The parent company often claims that the spinoff allows them to focus on their latest company maker or their core business! 
I take it with a grain of salt, and watch what effect it has on the SP

In truth, some do really well (I remember MEE-Metex spun off a good one)
OXR-Oxiana spinoff TOE-Toro also comes to mind.
Some have mixed results.
CRS-Croesus went as near bust as is possible while the spinoff AZS-Azure seems to be doin' very nicely.


----------



## jbocker (6 March 2011)

Thanks again Burglar, I think Westpac spun off part of their business too a few years back, I dont recall exactly what it was, or how they are doing. While I was a shareholder around that time I didnt recieve anything other than the announcement (I think I was maybe just out of Westpac). The name I think..BTInvestments?
Not sure whatever happened there.

Would be good to review a list of spin-offs and compare the before and after of the original company and the progress of the new one. Thanks for those you mentioned.


----------



## skc (7 March 2011)

Every case is different. Floating a new venture is really no different to a normal asset sale with the exception that the asset is then floated on the market.

In some cases you may get the share in the new company, in other cases the mother company may decide to hold on to the cash or some shares in the new company. In theory you are no worse off either way, all else being equal.

ORI spun DLX out and it did quite well. ORI shareholders got DLX distributed to them.
WDC spun WRT out and nothing really changed.
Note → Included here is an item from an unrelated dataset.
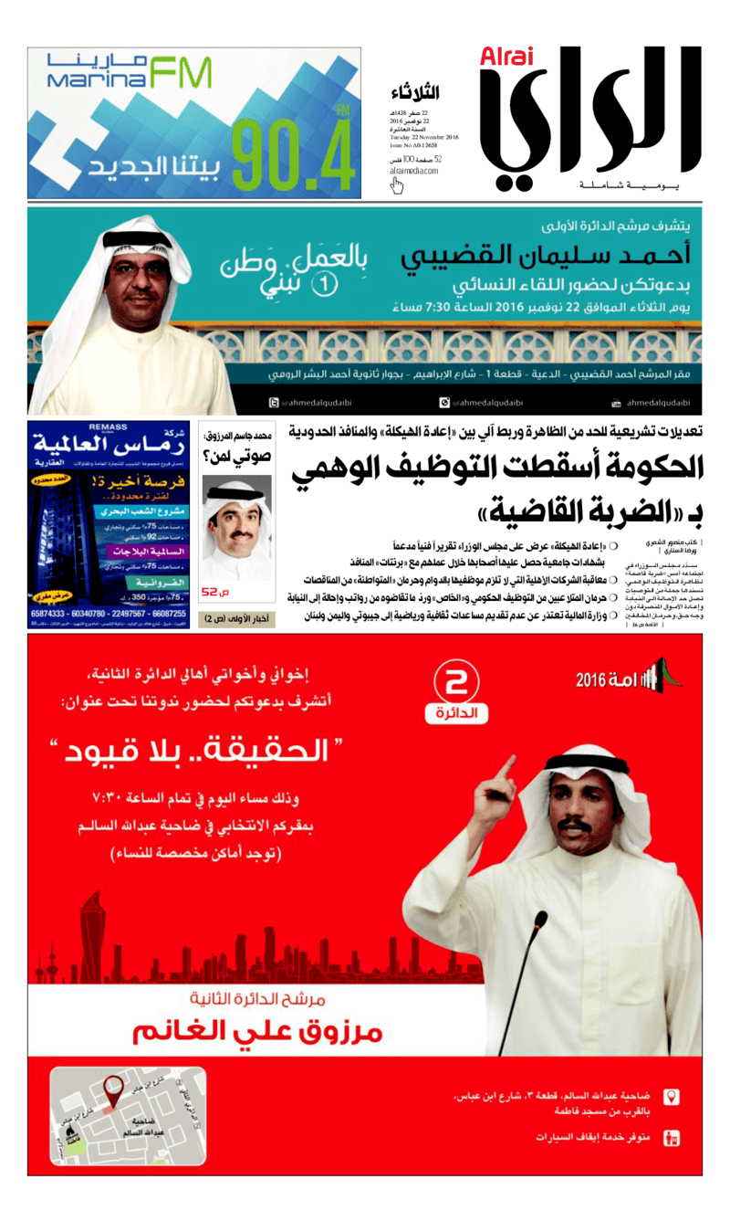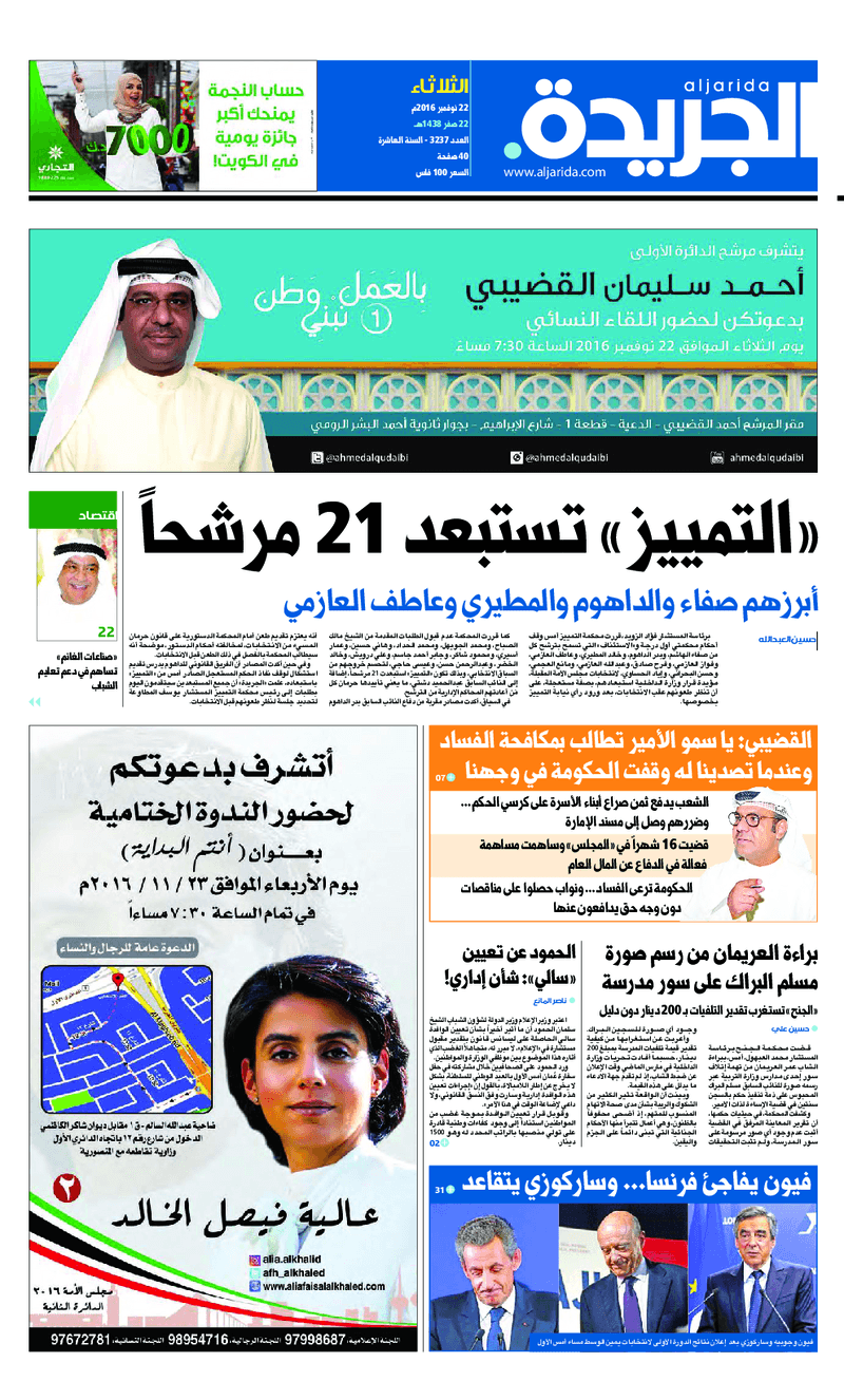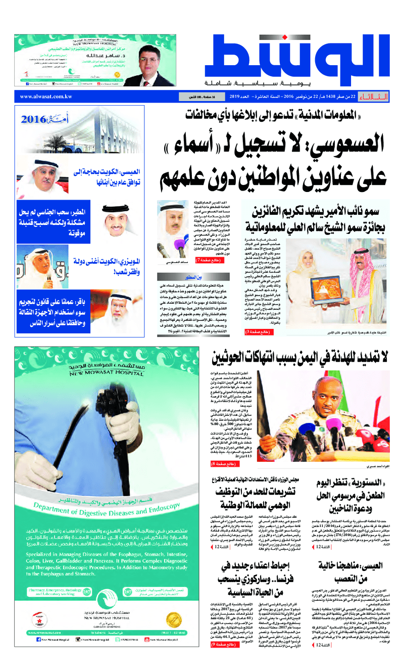 آخر الأخبار جرائم وقضايا “الجمارك” تضبط 29 ألف علبة مشروبات كحولية قادمة من دولة آسيوية في ميناء الشويخ 9 يونيو، 2024 محليات ممثلة عن دولة الكويت الطبيبة الكويتية أسماء الكندري تشارك في المؤتمر العالمي للمناظير في إيطاليا 8 يونيو، 2024 محليات “الصحة”: اكتمال وصول فريق الخدمات الطبية ببعثة الحج الكويتية لمكة المكرمة 8 يونيو، 2024 محليات “الصحة” تحدد 8 مراكز للصحة المدرسية لاستقبال الطلبة المبتعثين 8 يونيو، 2024 عربي وعالمي “الصحة العالمية”: تسجيل أول وفاة لشخص مصاب بـ«أنفلونزا الطيور» 7 يونيو، 2024 محليات عناوين الصحف الكويتية ليوم الثلاثاء 22 نوفمبر 2016 محرر المحليات22 نوفمبر، 2016أضف تعليق1 دقائق جريدة الجريدة جريدة الأنباء جريدة القبس جريدة السياسة جريدة الوطن جريدة الراي جريدة الوسط جريدة النهار الوسومTop عناوين الصحف المحلية من الممكن أن يعجبك جرائم وقضايا “الجمارك” تضبط 29 ألف علبة مشروبات كحولية قادمة من دولة آسيوية في ميناء الشويخ محليات ممثلة عن دولة الكويت الطبيبة الكويتية أسماء الكندري تشارك في المؤتمر العالمي للمناظير في إيطاليا محليات “الصحة”: اكتمال وصول فريق الخدمات الطبية ببعثة الحج الكويتية لمكة المكرمة محليات “الصحة” تحدد 8 مراكز للصحة المدرسية لاستقبال الطلبة المبتعثين عربي وعالمي “الصحة العالمية”: تسجيل أول وفاة لشخص مصاب بـ«أنفلونزا الطيور» تكنولوجيا رش السحب بملح البحر.. تجربة “ثورية” لتبريد كوكب الأرض أضف تعليق أضغط هنا لإضافة تعليق إلغاء الردالتعليقالاسم البريد الإلكتروني الموقع الإلكتروني Δ هذا الموقع يستخدم خدمة أكيسميت للتقليل من البريد المزعجة. اعرف المزيد عن كيفية التعامل مع بيانات التعليقات الخاصة بك processed.

WDC retained ~50% of WRT.
PPX came out of AMC and PPX then got hammered.
BSL was a BHP spin off and has been up and down since.




jbocker said:


> Thanks again Burglar, I think Westpac spun off part of their business too a few years back, I dont recall exactly what it was, or how they are doing. While I was a shareholder around that time I didnt recieve anything other than the announcement (I think I was maybe just out of Westpac). The name I think..BTInvestments?
> Not sure whatever happened there.
> 
> Would be good to review a list of spin-offs and compare the before and after of the original company and the progress of the new one. Thanks for those you mentioned.




BTT was the spin off.


----------